Exercise input>
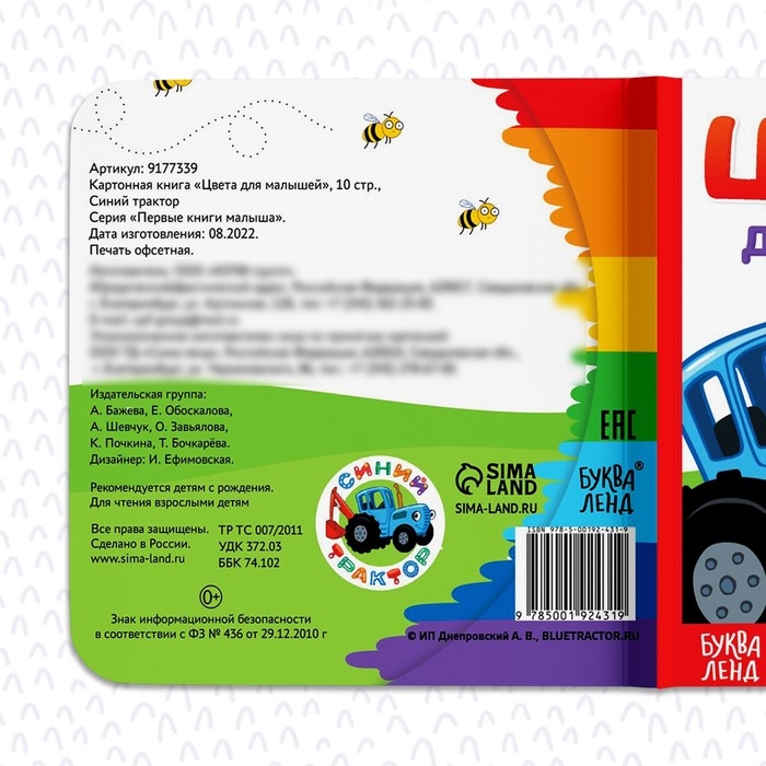 Картонная книга «Первая книга. Цвета для малышей», 10 стр., 15 × 15 см, Синий трактор
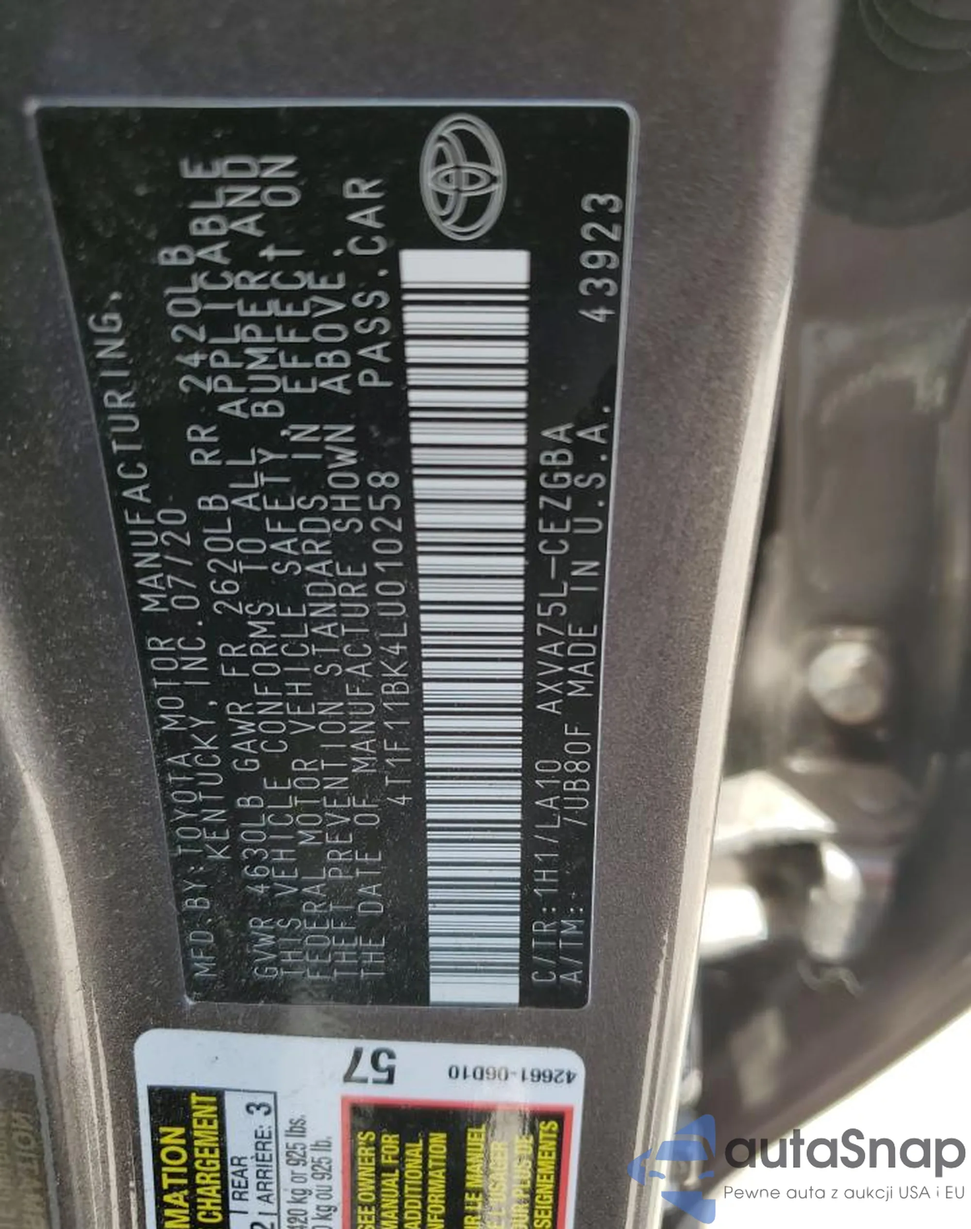 VIN: 4T1F11BK4LU010258
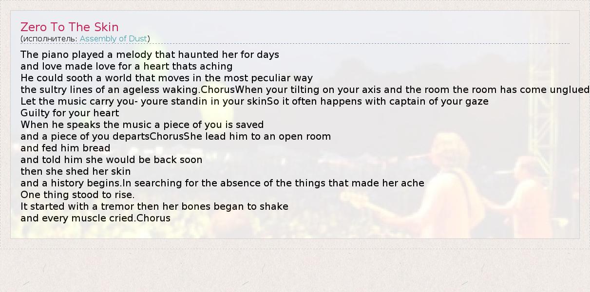 А как ты думаешь, о чем песня "Zero To The Skin" ?
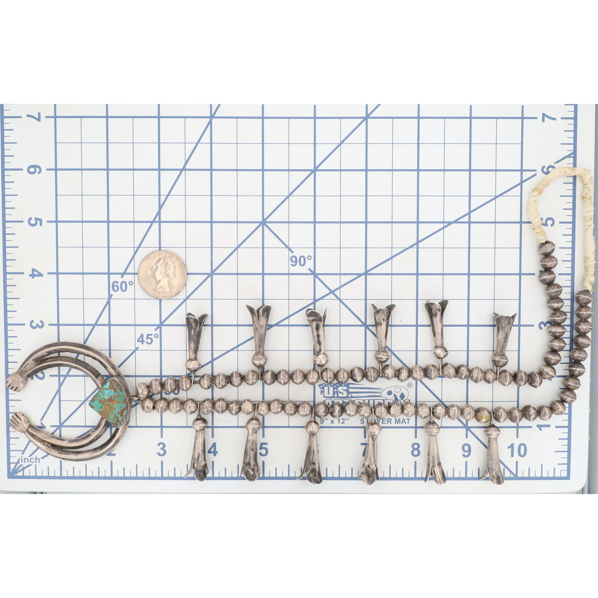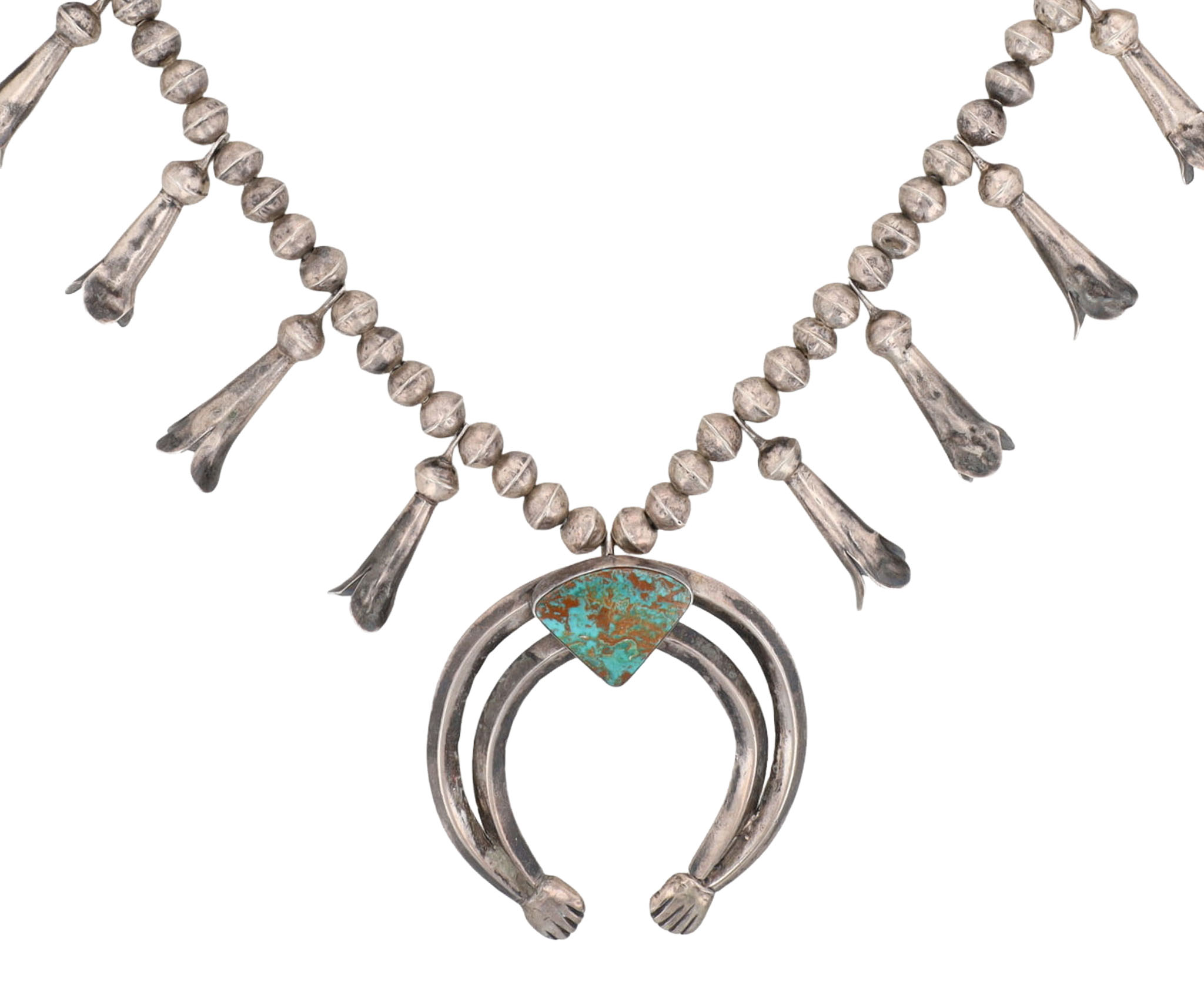 Vintage Navajo Turquoise Squash Blossom Necklace
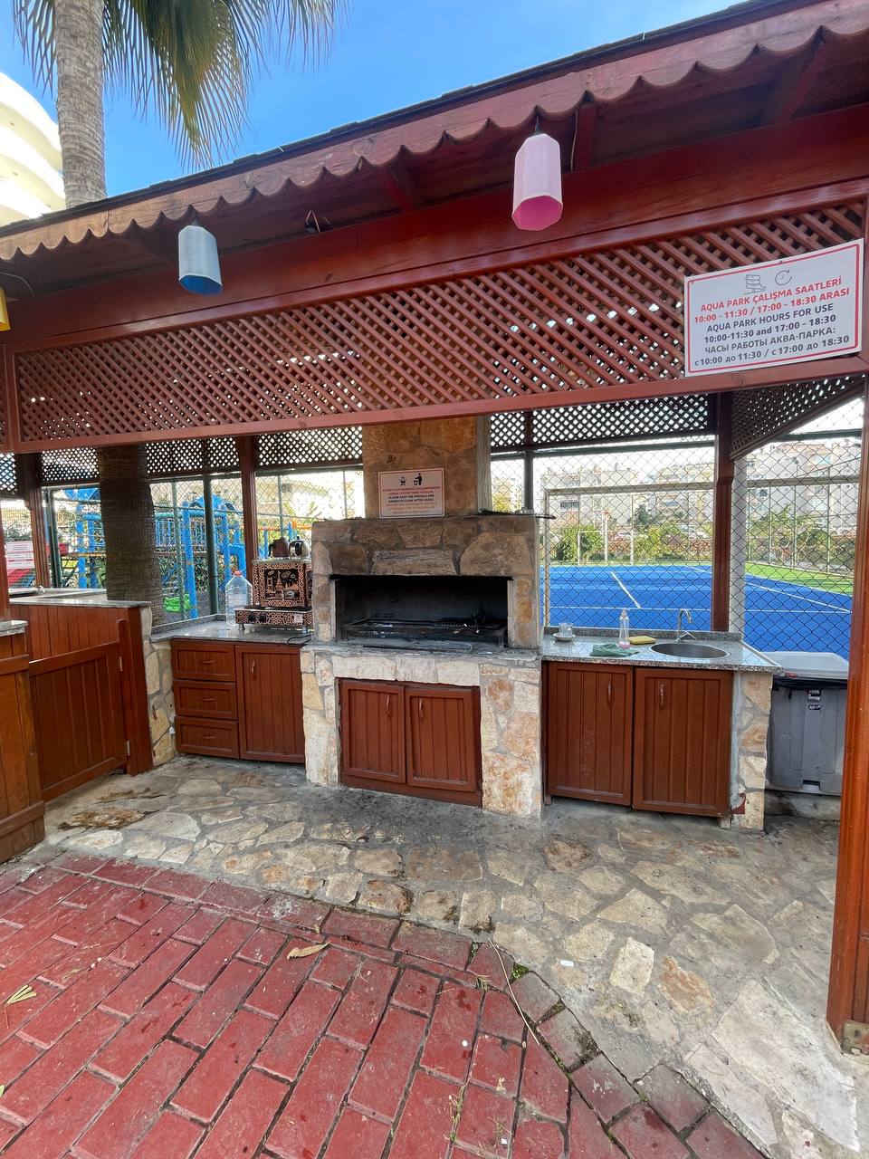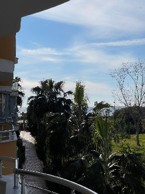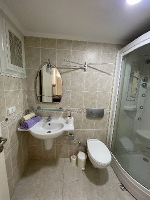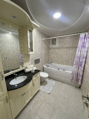 Комплекс расположен на первой береговой линии. Пляж и комплекс разделяет дорога, имеется переход. Квартира находится во втором доме от моря на 2 этаже. С балкона открываются приятные виды на горы, море и сам район. Апартаменты оборудованы необходимой мебелью и бытовой техникой для комфортного отдыха.
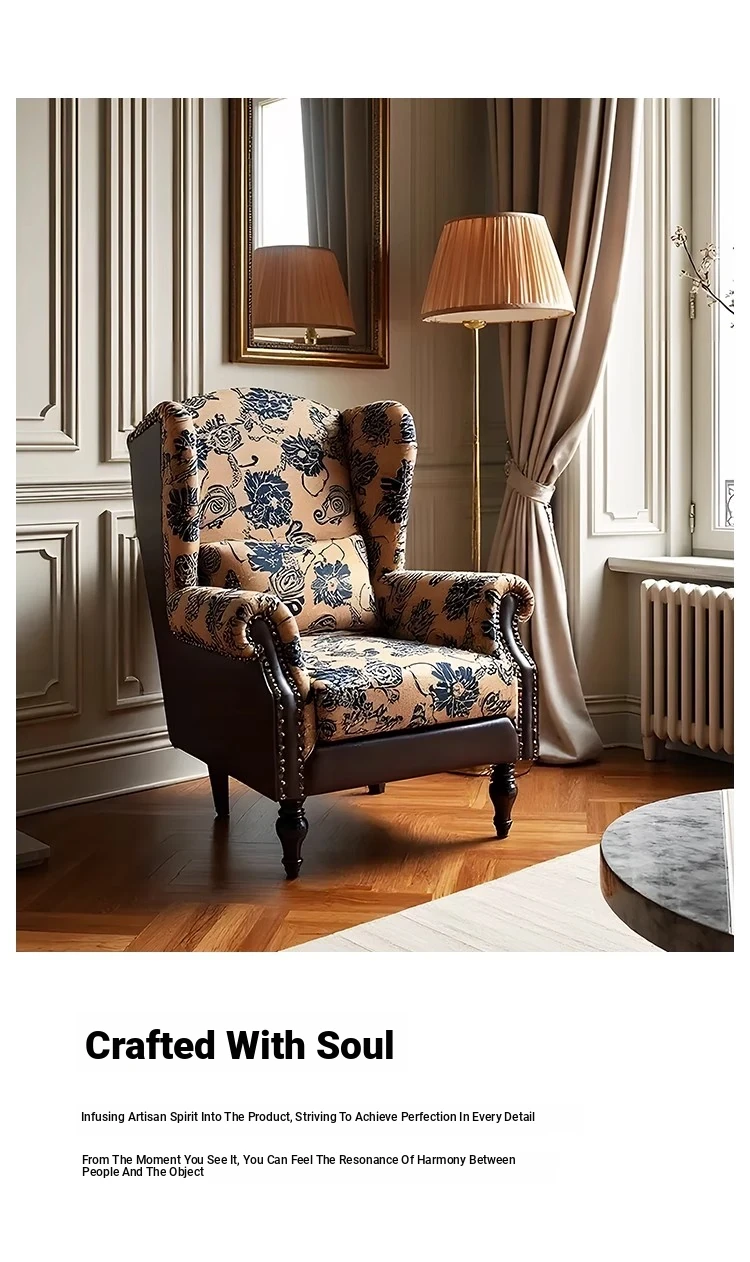 Vintage American Tiger Chair - Single Leisure Chair for Home, Living Room, Bedroom, Hotel, and Airbnb - Cozy Lazy Sofa with Classic Style
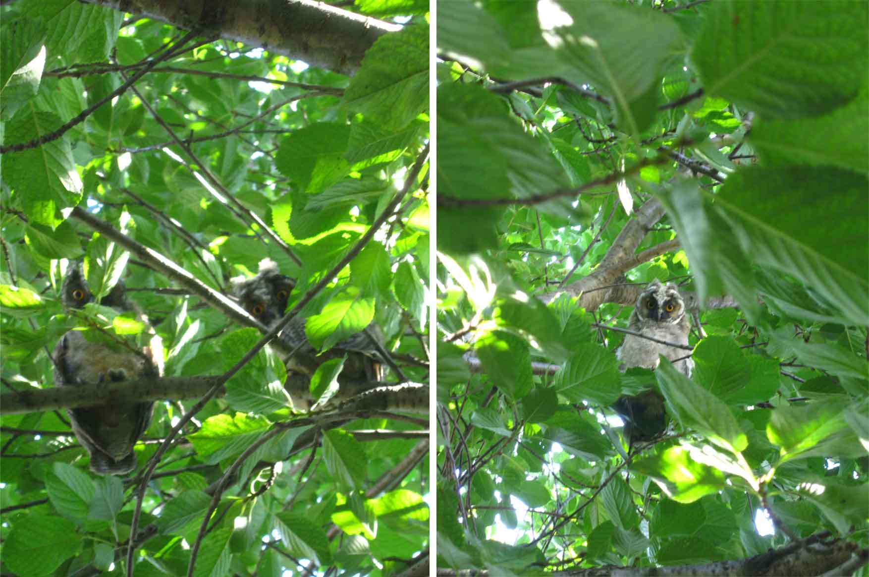 Bojan je otišao na pauzu ispod višnje posle ručka, pa me pozvao da vidim ko ga to posmatram koga to stalno gleda… kad ono: vratile se Sove!!! nekad ih je bilo četiri na višnji, a sad smo videli tri. najinteresantnije od svega je što su i one nas sve vreme promatrale, pratile svaki naš korak… a kad su shvatile da su bezbedne i da smo oduševljeni njihovim prisustvom, samo su se uspavale!
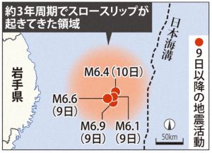 ◆今月9日に三陸沖で発生し、マグニチュード(M)6・9の

What you are asked to do> Of all the material above, only the lines from the one that has "Vintage Navajo Turquoise" down to the one that has "Комплекс расположен на" are to be written out, exactly and with both ends included. Pictures are skipped.

Exercise result>
 Vintage Navajo Turquoise Squash Blossom Necklace
 Комплекс расположен на первой береговой линии. Пляж и комплекс разделяет дорога, имеется переход. Квартира находится во втором доме от моря на 2 этаже. С балкона открываются приятные виды на горы, море и сам район. Апартаменты оборудованы необходимой мебелью и бытовой техникой для комфортного отдыха.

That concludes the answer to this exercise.